EU May Ban Travel From US As It Reopens Borders, Citing Coronavirus Failures (seattletimes.com) 231

European Union countries rushing to revive their economies and reopen their borders after months of coronavirus restrictions are prepared to block Americans from entering because the United States has failed to control the scourge, according to draft lists of acceptable travelers seen by The New York Times. From a report: That prospect, which would lump American visitors in with Russians and Brazilians as unwelcome, is a stinging blow to American prestige in the world and a repudiation of President Donald Trump's handling of the virus in the United States, which has more than 2.3 million cases and upward of 120,000 deaths, more than any other country. European nations are currently haggling over two potential lists of acceptable visitors based on how countries are faring with the coronavirus pandemic. Both include China, as well as developing nations like Uganda, Cuba and Vietnam.

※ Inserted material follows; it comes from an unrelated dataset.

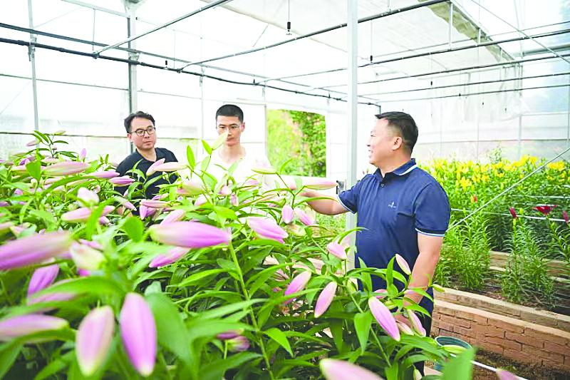 7月9日至11日,北京林業大學園林學院(國家花卉工程技術研究中心)院長助理、園林系主任孫明教授(左),博士后唐玉超(中),博導、林草專家、高級園藝師董欽金(右)一行來到延平,深入百合種業振興項目、種質基因庫和花卉物流交易中心,為延平百合把脈問診,與當地深度洽談合作。圖為三位專家在種質基因庫進行學術討論?!。ㄙY料圖片) 遠山如黛,長河似練。金秋九月,一顆顆百合花種球貯藏在延平區大橫鎮廣袤田野的冷庫中,它們即將結束為期數月的“休眠”期,移栽花田,迎來下一季的綻放…… 百合花,花朵碩大,花色鮮艷美麗,是世界名貴花卉之一,也是南平市的市花,其在延平區的種植歷史可追溯至20世紀80年代。從埋下第一粒人工種球開始到大面積推廣種植,延平逐漸成為全國百合花鮮切花第三大主產區。從打破種球進口依賴,百合種源自繁突破1000萬粒實現國產化,到主動牽手大院大所進行科研攻關;從推動國內三大百合花基地互動互補,到組建國企,開發高附加值產品;百合花產業在種源端、種植端、市場端不斷深耕細作,主動延鏈補鏈強鏈,百合鮮切花種植面積達8500畝,暢銷24個省市并出口新加坡,全產業鏈年產值達6.3億元,百合花不僅成為了南平市的一張亮麗名片,更成長為促進共富的“幸?;ā?。 從零起步到全國第三大主產區 “20世紀80年代,在時任南平市(今延平區)副市長盧世鈐的穿針引線下,上海市園林管理局在延平區茫蕩山寶珠村試種百合花成功,在國際花卉界引發關注。人民日報海外版稱‘看牡丹去洛陽,看百合去南平’?!北环N植戶稱為“花仙”的延平區林業局花卉辦主任陳文靖說起延平百合如數家珍。 1989年南平市第十屆人大常委會第九次會議通過,決定百合花為南平市花。但那時,百合花僅是一種象征,直到被譽為“百合花種植第一人”的延平區寶珠村村民盧柳余在高山區開辟出第一片人工百合花田,把鮮切花賣到上海,成功實現脫貧致富,讓農民們看到了“花樣經濟”的魅力。 1998年延平區在塔前鎮推廣百合種植,也正是這一年,陳文靖從大學園藝專業畢業,來到了塔前鎮。 “當時百合花在塔前鎮棚下村推廣了大概16畝,33戶?!标愇木富貞?。第二年,延平區百合種植擴大到了20畝,陳文靖也成為首批科技特派員深入田間地頭,開始長期服務各地花農。 “百合花產業真正迎來大發展,是在2010年?!标愇木刚f,當年延平爭取到省上資金支持,在王臺鎮新坑村流轉了360多畝的田地,統一平整土地,建設鋼架大棚,宣傳動員茫蕩山等高山區的花農到王臺鎮進行規模化連片種植。隨著該項目連續6年的資金扶持,百合花種植逐步從王臺擴大到峽陽、爐下、南山等地,百合花產業逐步成為延平重點產業。 2011年延平區花卉協會注冊成立,2012年延平區成立了花卉辦,從技術和產業發展上給予指導扶持。2014年,延平區被授予“中國百合之鄉”稱號,“延平百合”獲評國家地理標志證明商標。延平百合花產業從無到有,從小到大,迎來了發展的春天。 “科特派的技術支持,還有協會、政府在產品銷售上的幫助,百合花產業一下就發展起來了。目前我們村適合種百合的田地基本上都種上了?!笔∪舜蟠?、王臺鎮溪后村村支書,同時也是百合種植大戶的魏長俊告訴記者。溪后村等各村積極推廣“秋種百合—夏種水稻”的花稻輪作模式,不僅減少化肥用量,增加糧食產量,還提升了百合花品質,實現土地利用率與產能的雙提升。 “在產業發展中,我們建立了‘科技特派員—協會會長—協會理事—種植戶’四級網格化管理服務模式。從新品種推廣、土壤改良、防寒抗凍、病蟲害防治、市場拓展等各個環節進行服務,編制《百合花種植實用技術手冊》,讓種植戶無后顧之憂?!标愇木刚f。 為解決花農的資金問題,區委區政府積極協調農商、郵儲、興業等各大銀行推出“百合貸”,不僅利率低、額度高,手續還更加簡便。“不需要擔保,不需要資產抵押?!毖悠絽^花卉協會會長葉盛立告訴記者,目前整個協會大概貸款3000到4000萬元,僅他自己就貸了100多萬元,用于種球、農資購買。金融“活水”的滴灌讓百合花產業更加茁壯成長。 新平臺、新渠道、新模式,讓百合花產業綻放出無限活力。記者在區鄉村振興數字服務平臺看到,這里專設“百合產業”板塊,實時更新交易價格、庫存余量、種植面積等核心數據,“立體式”呈現種植、加工、銷售全鏈條運營圖景?,F已配套1700余萬元資金,落地鄉村道路升級等百合產業配套民生項目。高效銜接“到南平去、助鄉村興”平臺,上架26個百合衍生項目,打造鄉村新業態11個,成功吸引36名青年人回鄉創業,有力推動“資源盤活”到“人才驅動”。 “從土地流轉、品種選擇、病蟲害管理到對接市場銷售,從開始種花起,就有大家幫,風險可比過去小多了?!被剜l創業的新花農徐斐頗有感觸。 截至目前,全區百合花種植面積達8500畝,全產業鏈年產值達6.3億元。百合花成了名副其實的“致富花”。 打破種球進口依賴,主動牽手大院大所 在位于延平區大橫鎮的百合種源研發中心植物工廠里,“延平1號”百合長勢喜人?!霸龠^幾個月,這批擁有自主知識產權的‘延平1號’百合就可以移栽下地培育。”延欣園藝科技有限公司技術負責人陳佩振自豪地說。 在百合花種植成本中,種球就占60%。長期以來,國內百合花種球一直依賴進口,每粒均價大概在4-6元,高昂的成本成為了制約百合
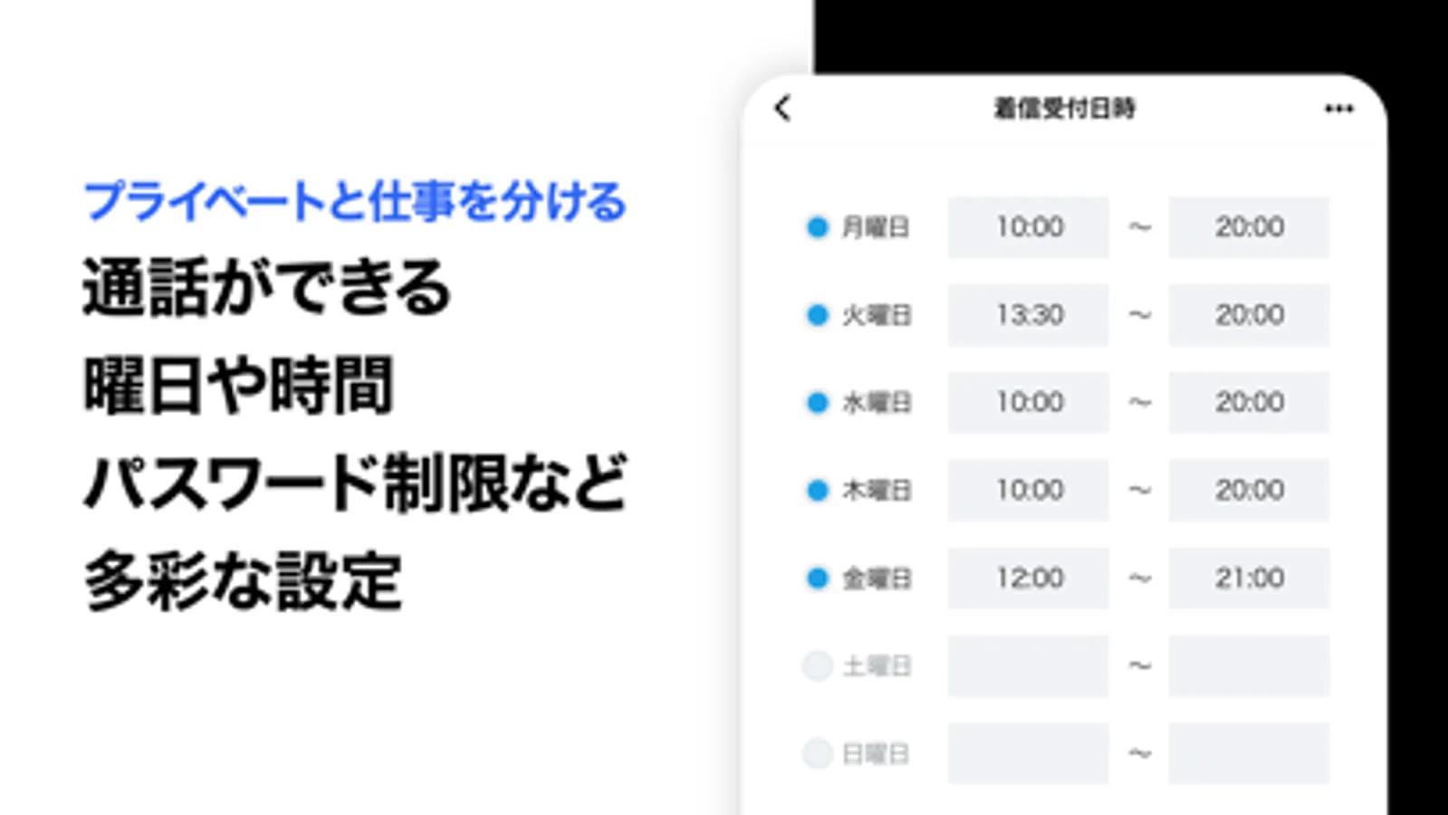 仕事用に平日の9時から18時の間だけ着信可能にしたり、お店の定休日に合わせて曜日を設定したり、一般の電話では難しい設定も自由自在です。

Travelers from the United States and the rest of the world have been excluded from visiting the European Union -- with few exceptions mostly for repatriations or "essential travel" -- since mid-March. But a final decision on reopening the borders is expected early next week, before the bloc reopens July 1. [...] Prohibiting American travelers from entering the European Union would have significant economic, cultural and geopolitical ramifications. Millions of American tourists visit Europe every summer. Business travel is common, given the huge economic ties between the United States and the EU.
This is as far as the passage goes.